New Delhi: In the last one and a half years, the prices of mustard oil price, refined oil price and other edible oil prices have seen a lot of momentum. The government has been taking several steps to control the prices of these oils. But now the conflict between Russia and Ukraine can lead to a further increase in oil prices. Let's know that the main reason for this is:-
As the Russia-Ukraine war progresses, the impact on the supply of crude edible oil to India may be seen. India meets 70 per cent of its edible oil requirement through imports. In the case of sunflower oil, it is even more so. The Russian-Ukraine region is even more important for this segment. In such a situation, if the two countries do not end the fight in the next 7-10 days, then the impact on the supply of edible oil will be seen and it will increase the prices. Angshu Malik, chief executive officer and managing director of the country's largest edible oil company Adani Wilmar, said they were keeping a close watch on the situation.

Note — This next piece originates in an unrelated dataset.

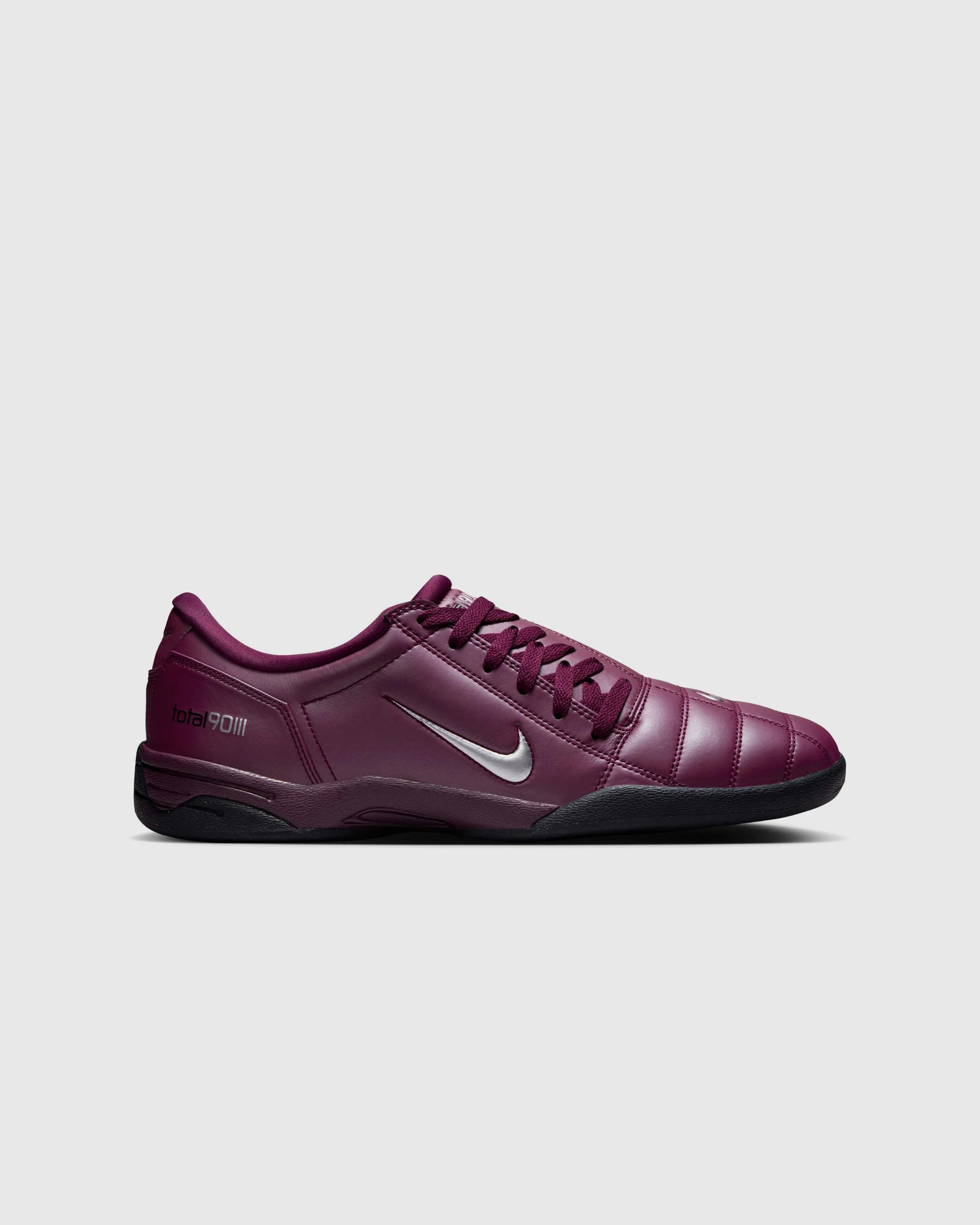 With the T90, Nike revitalizes a football boot-inspired favorite. The sleek silhouette clearly draws from classic football style, now geared towards wear in the streets. It boasts an overall streamlined look, featuring a synthetic leather upper decorated with Swoosh and 90 logos throughout.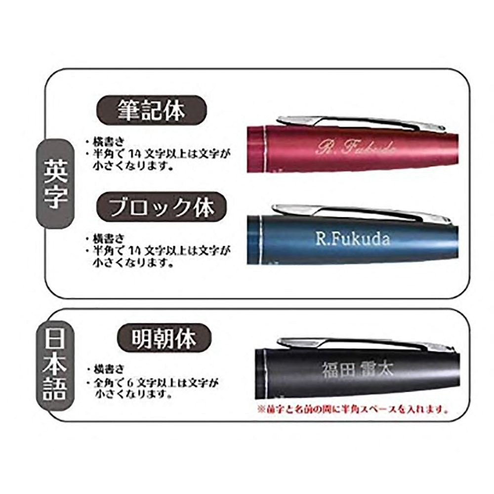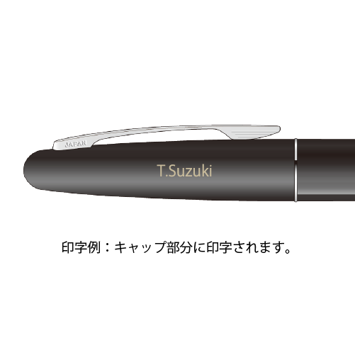 落込み嵌合式/キャップ式 名入れ:軸・キャップ(レーザー空彫、シルク印刷)、中間胴(シルク印刷) |

Malik said, "Russia and Ukraine meet 90 per cent of the requirement of sunflower oil. Our dependence on sunflower oil in all oils is around 15 per cent. If things return to normal in 7-10 days, things will be normal because oil imports have 45 days of stock. But if the crisis continues for five to ten days and the oil factories remain closed and there are no ships available, then there will be a slight shortage and the impact may be seen in April." Marico Ltd, which sells edible oil under the brand name Saffola, has taken steps to reduce costs to keep the price rate under control. The company's MD and CEO Saugata Gupta has said that due to the emerging geopolitical situation, the prices of crude oil and other commodities may skyrocket. Its cascading effect can be seen on raw materials and packaging materials.